In the spring of 2004, Henry M. Roloff planted wheat, corn, and soybeans on his farmland in Atchison County, Kansas. On June 26, 2004, Roloff named Schletzbaum, a long-time employee, as a grantee beneficiary under a TOD deed of certain farmland located in Atchison, Kansas. Roloff did not include a reservation of the corn and soybeans growing on the real estate in the TOD deed. Roloff recorded the TOD deed with the Atchison County Register of Deeds on June 28, 2004. Roloff died intestate on July 24, 2004.

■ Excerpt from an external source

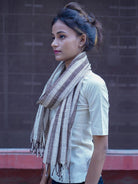 Thigh reeled katia silk and hand spun cotton woven in fishnet weave.

Commerce Trust Company (Commerce), a division of Commerce Bank, N.A., was appointed as administrator of Roloff's estate. Commerce told Schletzbaum that the growing crops at the time of Roloff's death did not pass to Schletzbaum with the deeded farmland and demanded an accounting of the proceeds received from the sales of the crops.

Schletzbaum told Commerce that the 14,224.95 bushels of corn had been sold for a total amount of $25,732.19 and that the soybeans yielded a harvest of 11,164.76 bushels, which later sold for $53,720.86. The total sales price received for the crops was $79,453.05. Schletzbaum's expenses for harvesting, transporting, and selling the crops were $12,028.40. After deducting Schletzbaum's expenses, the net proceeds were $67,424.65.

The trial court determined that the growing crops should be considered personal property and that the proceeds should go to Roloff's estate rather than to Schletzbaum. The trial court ordered that the net proceeds from the sales of the crops, $67,424.65, plus interest be paid to Commerce.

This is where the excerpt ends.